駕駛座上是慕容鳴,他握著方向盤,臉上掛著漫不經心的笑。
四周車輛陸續停下,一群黑衣保鏢盡數下車,黑壓壓一片,將姜嶼川的車子圍得水洩不通。
後座的趙語蓮哪見過這種陣仗,嚇得臉色慘白,止不住地慌亂,「早讓你聽我的,放下對姜棲的執念,也不至於虎口拔牙,自尋死路。」
姜嶼川心知窮途末路,冷靜地解開安全帶,推開車門,獨自走了下去。
徐遠站在人群之間,擡手示意。
保鏢一擁而上,迅速上前壓制,他掙紮反抗了幾下,終究寡不敵眾,被保鏢踹彎雙膝跪在地上,肩膀一左一右被死死按住,動彈不得。
人群漸漸散開一條路,賀雲帆扶著陸遲走了過來。
陸遲重傷未愈,臉色慘白無血色,眉眼間病氣沉沉,他披件黑外套,內裡空蕩蕩的,腹部繃帶裹得嚴實,卻依舊氣場懾人。
看到陸遲完好無損地出現在眼前,姜嶼川眼底掠過意外。
醫院防守嚴密,消息全部封鎖,他一直打探不到陸遲的情況,還以為對方重傷不治,起碼也要昏迷許久。

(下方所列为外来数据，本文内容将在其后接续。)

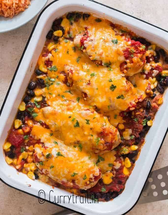 Baked salsa chicken recipe is scrumptious casserole style dinner that takes 40 minutes to cook. Juicy flavorful chicken baked along with layers of delicious Mexican ingredients like refried beans, black beans, corn and salsa topped with loads of cheese!

沒想到這人居然命這麼硬,這麼快就醒了,還親自過來堵截。
一絲悔意悄然爬上心頭。
早知道不要留一口氣慢慢折磨了,第一時間就該除之而後快。
當時他對重傷的陸遲窮追不捨,也是這個緣故。
兩人梁子已經結下,隻有你死我活的地步。
放過陸遲無疑是放虎歸山,早晚會有報復的一天,他也是想趁著陸遲重傷昏迷,先保住趙語蓮。
陸遲走到姜嶼川面前,居高臨下冷冷睨視,厲聲質問,「姜棲呢?她被你藏哪裡去了?」
姜嶼川跪在地上,不屑地扯了扯嘴角,「想知道?我偏不告訴你。」
陸遲壓抑的戾氣盡數迸發,擡腳狠狠踹在他兇口。
姜嶼川被死死按著沒法躲閃,身子猛地一歪,又被保鏢強行掰正按回原地,依舊一臉不服不忿的模樣。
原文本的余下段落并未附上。